First off I found this:
Which was designed by Design Research Unit who started trading in 1943 and in 2004 merged with Scott Brownrigg. That's a hell of a long time for a design company to be around. Most of them go to the wall within 3 years. DRU also designed a generic wayfinding signage manual for train stations in 2000, which in turn is remarkable as they were also asked to do one in the 60's.
I've always really liked this symbol. It's graphic, simple, elegant. It's got movement, it has two arrows, it looks like train tracks. It does the job of a logo well. No complaints.
Which of these is the correct version?
It's the first one. The top arrow points left because trains always keep to the left.
On the logo for Sealink the symbol is reversed because it looks like an S. Interesting eh?
Next up I stumbled across this:
Did you know that in the 1970's British Rail actually designed and patented a design for a flying saucer?
The flying saucer originally started as a proposal for a raiseable platform. However, the project was revised and edited, and by the time the patent was filed had become a large passenger craft for interplanetary travel. It was to be nuclear fusion powered, utilising laser beams to produce pulses of nuclear energy in a generator in the centre of the craft. Pardon my language, but how fucking brilliant is that? You don't get that under privatisation.
Then I rediscovered Jock Kinneir & Margaret Calvert. Two brilliant designers who designed the current signage on Britain's roads in the mid 60s.
At the start of the 60s, determined to illustrate the haphazard state of British road signage a chap called Herbert Spencer drove from central London to the recently opened Heathrow London Airport and photographed each of the road signs that he came across along the way.
He then published the result in two photographic essays in a magazine called Typographica. This provoked the government to redesign the system. It ain't that simple these days.
(Picture taken from Gaetan Lee with huge thanks, usual stuff applies.)
The British system is now copied round the world as was pointed out to me the other week by a colleague who's just returned from Dubai.
(Picture taken from Greg Valiquette with huge thanks, usual stuff applies. Greg isn't my colleague by the way.)
Next up this random list of links about design.
Just hundreds of interesting design links.
Then the web took me on a visit to the National Rail Museum in York. I've been there in real life to talk about a project that sadly never happened. It's an absolute treasure of graphics, posters and signs. They even have a real sign for Platform 9 3/4.
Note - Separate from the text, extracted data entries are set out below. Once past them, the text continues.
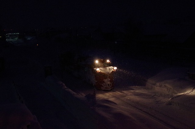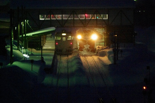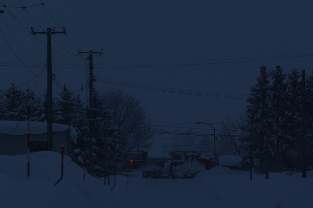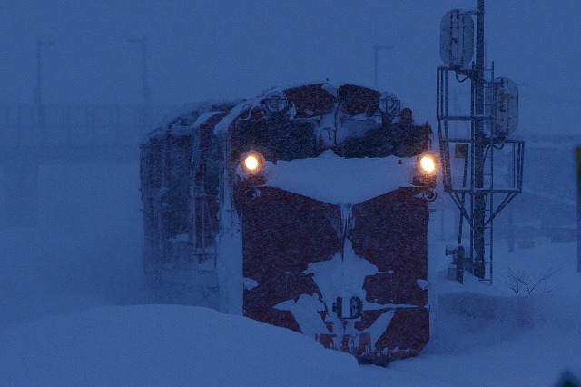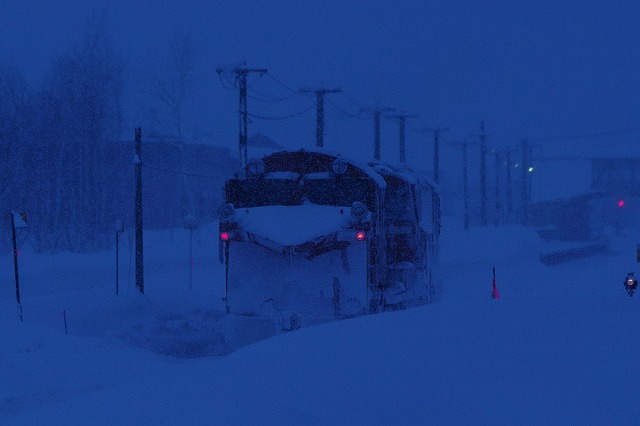 和寒〜東六線で撮ろうと、撮影地に近付くと踏切が鳴った。まだ来ないよなと見ていると、そろりとラッセルが通過、南部のダイヤ乱れで旭川接続の普通列車が遅れたため時変をかけ、早く発車しているようだ。慌てて追っかけるも、士別駅手前でかろうじてウィング閉じ状態がキャッチできただけだった。士別駅先の陸橋で発車を待つが動きなし、結局328Dの到着を待ってここからは定時発車だった。真っ暗で露出のない中せっかく待ったのだからと無理やり撮影し、2014北海道ラッセル終了。時間がおしてしまい、旭川空港で飛行機に乗るまでハラハラドキドキだった。 |
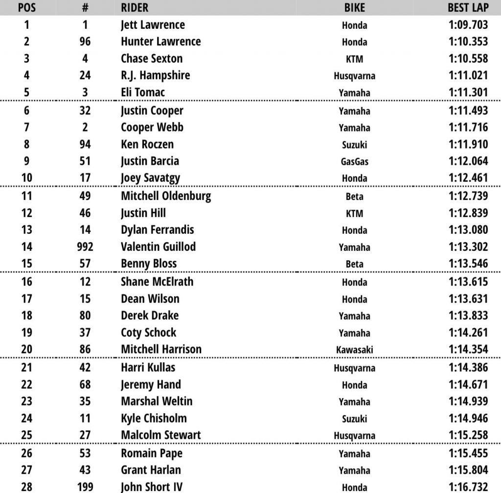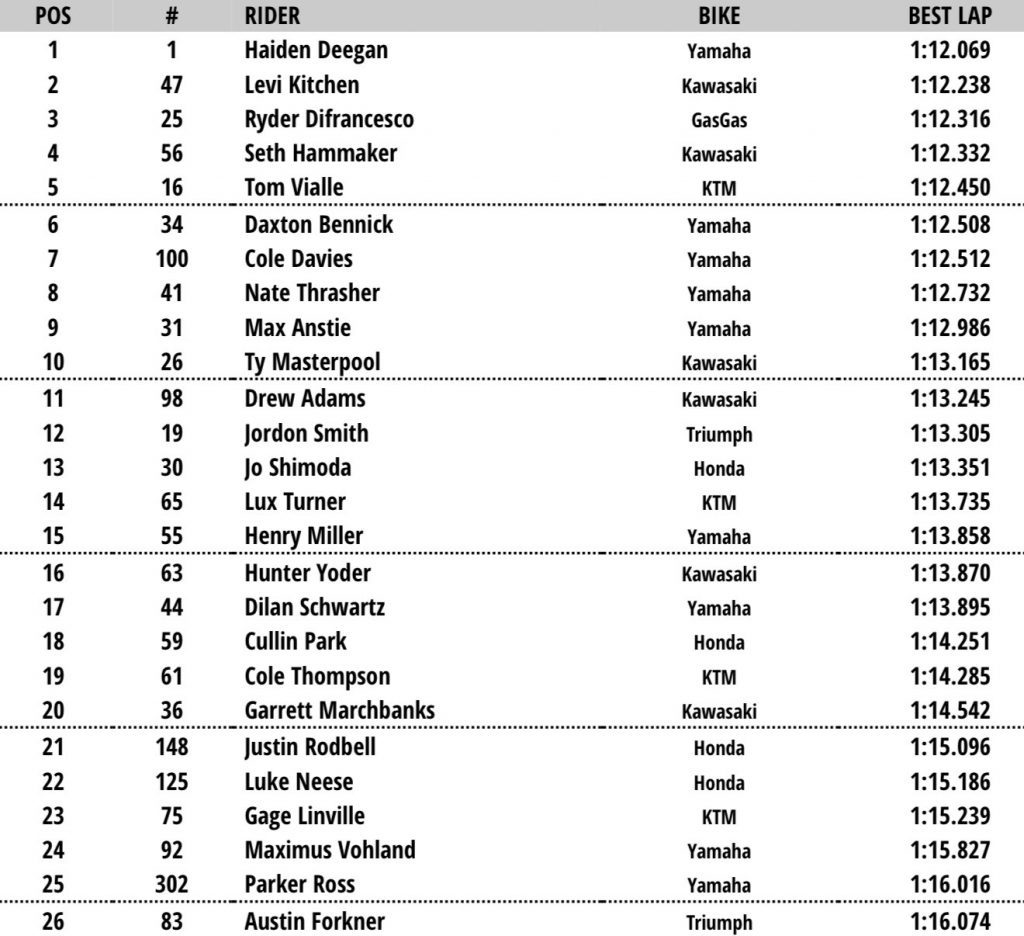 Jo Shimoda edged Haiden Deegan by a tenth of a second right at the end of the session as Jett Lawrence went quickest in the 450s with Chase Sextok just a tenth off in second and Eli Tomac third.
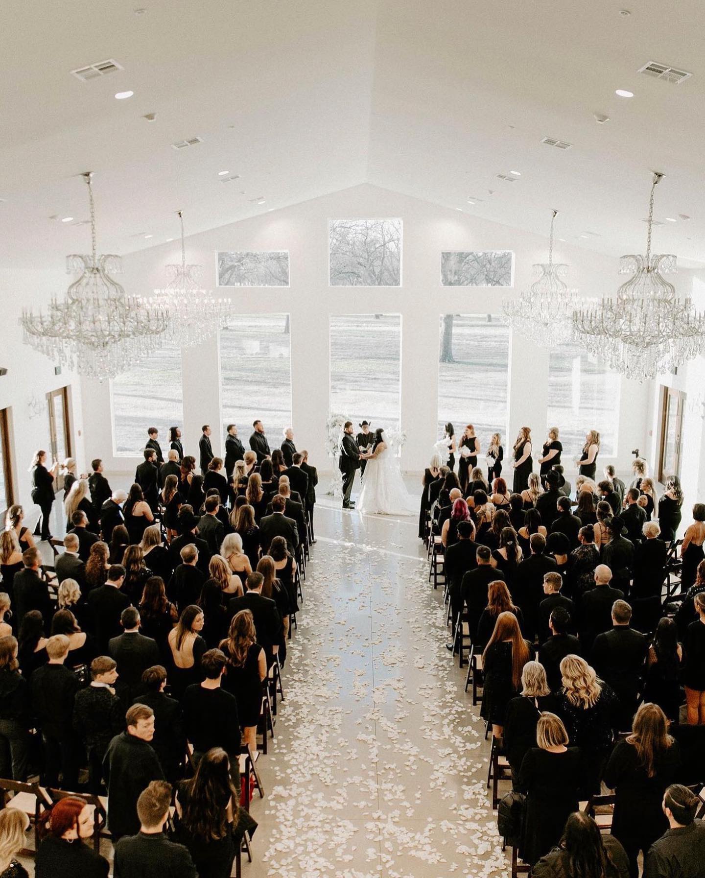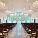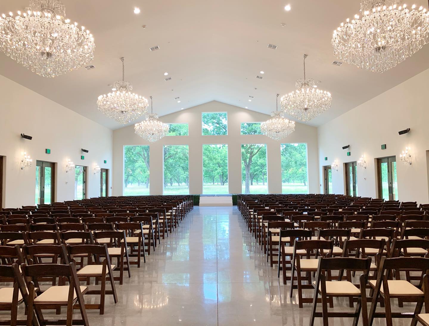 Pecandarosa Ranch is a beautiful wedding venue near Tulsa, Oklahoma; offering a stunning chapel with large windows overlooking the Pecan grove, providing an outdoor feel while being inside. Our spacious reception hall includes a built-in bar and beautiful decor. During cocktail hour, our outdoor patio area shines, setting the perfect atmosphere for guests to mingle and enjoy the moment.

(Picture taken from Neil T with huge thanks, usual stuff applies.)
It's better than this one.
(Picture taken from Steve and Brooke with huge thanks, usual stuff applies.)
Although that one is brilliant too.
Look at this stuff.
Isn't it brilliant? Even this is good.
Last and by no means least I found this.
A typographic walk through London by Phil Baines.
I must do one of those myself, one day.
Still no info about the British Rail train identification system that won loads of awards and they always used to go on about when I was at college, but isn't the web the best thing ever?
As a Yank, I must point out one bad quality of that British train logo, which is that the two "arrows" look more like planes than the parallel lines look like track. You may have more associations in your head linking the logo with trains, but they really do look like planes.
Posted by: Martin | Oct 08, 2006 at 21:38
Fair enough point, and I dare say it's not just a 'Yank thing' (would be interesting to get the views of young UK teens today that have not been predisposed to this piece of British train-ography). That said, is association with planes really such a bad thing? It's probably fair to say that planes are regarded as being the most 'superior' form of travel (well, pre-Easy Jet anyway!) so tapping into this discourse has some obvious benefits (heightened emphasis on speed, distance potential etc.). Well, so Saab seem to think so
Top post by the way Ben - bricolage par excellence!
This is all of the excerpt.